Take binoculars and a camera. Great photos are possible because the elk sometimes graze right beside the roadway in the park. The closest place from Pigeon Forge and Gatlinburg to view the Elk in the Great Smoky Mountains is at the Oconaluftee Visitor Center and Mountain Farm Museum. Just follow Newfound gap Road (Hwy 441) towards Cherokee North Carolina. The Oconaluftee Visitor Center and Mountain Farm Museum is located at the bottom of the mountain just before you reach Cherokee.
Another great place to view the elk in the Smokies is Cataloochee. This is where the elk were re-introduced to the Great Smoky Mountains National Park. The most direct route is to take Cove Creek Road, which is partially graveled. From interstate I-40, exit at North Carolina exit #20 (Maggie Valley – Waynesville) and travel 0.2 miles on route 276. Turn right onto Cove Creek Road and follow the signs. It is 11 miles into the Cataloochee Valley.
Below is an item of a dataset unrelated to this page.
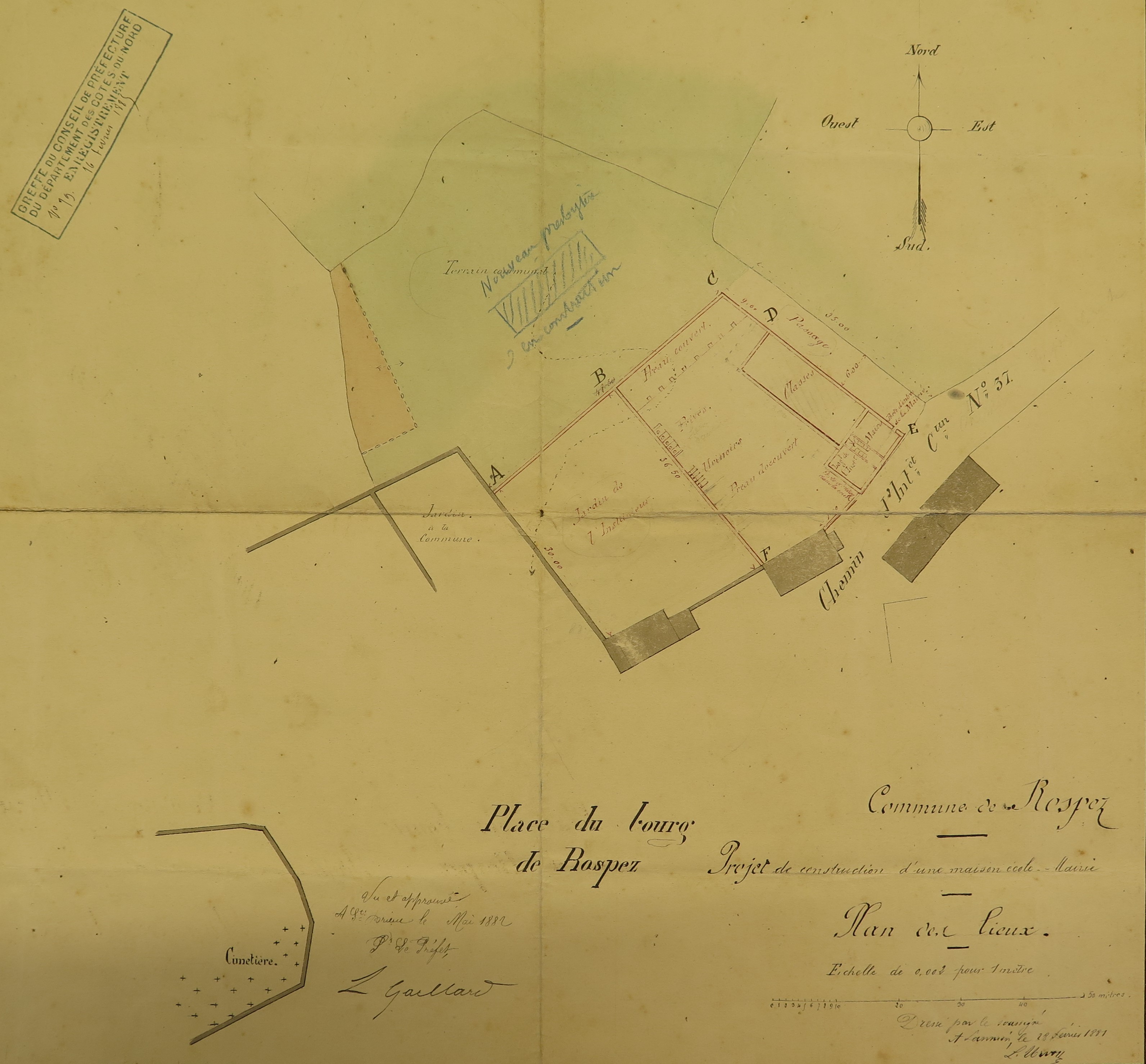 Rospez : plan de 1881 montrant le projet de maison école-mairie et sa place dans le bourg (source : Archives départementales des Côtes d'Armor)Immatriculation

A more scenic route, but is not recommended for RVs, is to take a long winding road, route 32, from Cosby, TN to the Tennessee - North Carolina state border. Here the road becomes gravel. It twists and winds into Cataloochee. (This route is not recommended if your passengers are prone to car sickness.)
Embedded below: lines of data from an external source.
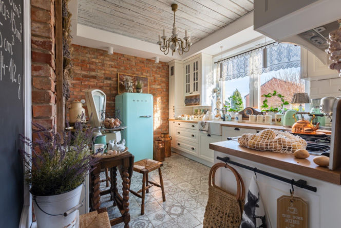 Klimat kuchni budują nie tylko ceglane ściany, ale także sufit wykończony deskami postarzanymi techniką shabby chic (Allegro.pl). Podłoga wygląda na równie starą, ale oczywiście to nowe płytki kupione w PHU Projekt Salon Łazienek w Gdańsku. Oryginalny, postarzany „patchwork” Renata wypatrzyła przypadkiem. To turecki matowy gres Nikea Sephia (20x20 cm) marki Yurtbay. Jego ułożenie okazało się trudne i czasochłonne, bo producent nie dołączył instrukcji tworzenia wzorów tak, by na metrze kwadratowym nie powtarzał się motyw. W efekcie fachowcy i pani domu spędzili długie godziny nad ułożeniem idealnej mozaiki. Stonowanemu wnętrzu koloru dodają miętowe AGD (Smeg).
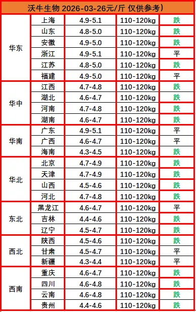 ? ?猪价播报沃小牛,助力养猪牛牛牛!各位养猪的老铁们,大家好!我是沃小牛,明天是2026年03月26日,最新猪价已经出来了:全国生猪价格延续低位弱势震荡,整体呈“主销区企稳、主产区微跌、全面低于5.0元/斤”态势。区域分化明显:华东、华南主销区依托消费支撑,维持4.8-5.0元/斤,福建、安徽持平;华中、华北主产区普遍下跌,跌至4.5-4.8元/斤;东北、西北低价区持续探底,新疆4.3-4.4元/斤为全国最低。全市场无省份上涨,仅少数区域持平,供应过剩与需求疲软叠加,养殖端全面陷入深度亏损,行业磨底特征显著。
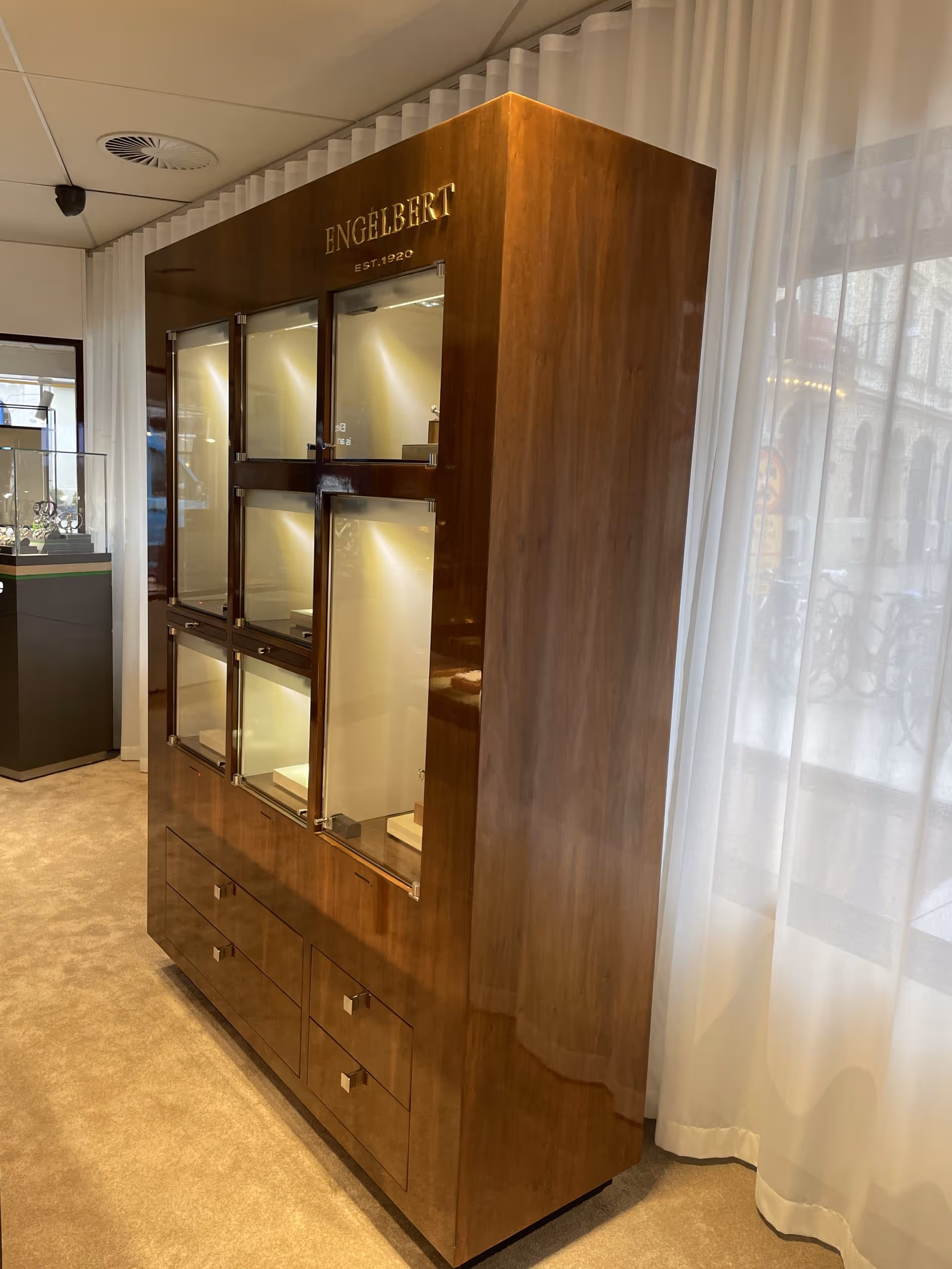 Vi har skapat exklusiv inredning till Jarl Sandin Watches & Jewellerys butik i Göteborg. Den nya inredningen utmärker sig med detaljer i högblank mahogny. Uppdraget har inneburit arbete i pågående verksamhet, med hög precision och anpassning för att minimera störningar.

Adult males weigh an average of 650 pounds, while cows average 500 pounds. Adults are seven to ten feet in length and stand four and a half to five feet tall at the shoulder. Adult males have antlers that may reach a width of five feet.
Elk can grow larger than the park's black bears and can be extremely dangerous. Females with calves will charge people to defend their young and the males may perceive people as challengers and charge. Never touch or move elk calves even if they appear to be orphaned.The use of lures, elk bugles, and other wildlife calls are illegal inside the park. It is also illegal to remove elk antlers or other elk parts from the park. Never feed elk or other wildlife or bait them in for close observation. Feeding park wildlife is strictly forbidden by law and almost always leads to the animal's demise. It also increases danger to other park visitors.
The laws protecting park wildlife are contained in the Code of Federal Regulations. It states, “Willfully approaching within 50 yards (150 feet), or any distance that disturbs or displaces bear or elk is prohibited." In addition, feeding, touching, teasing, frightening, or intentionally disturbing wildlife is prohibited.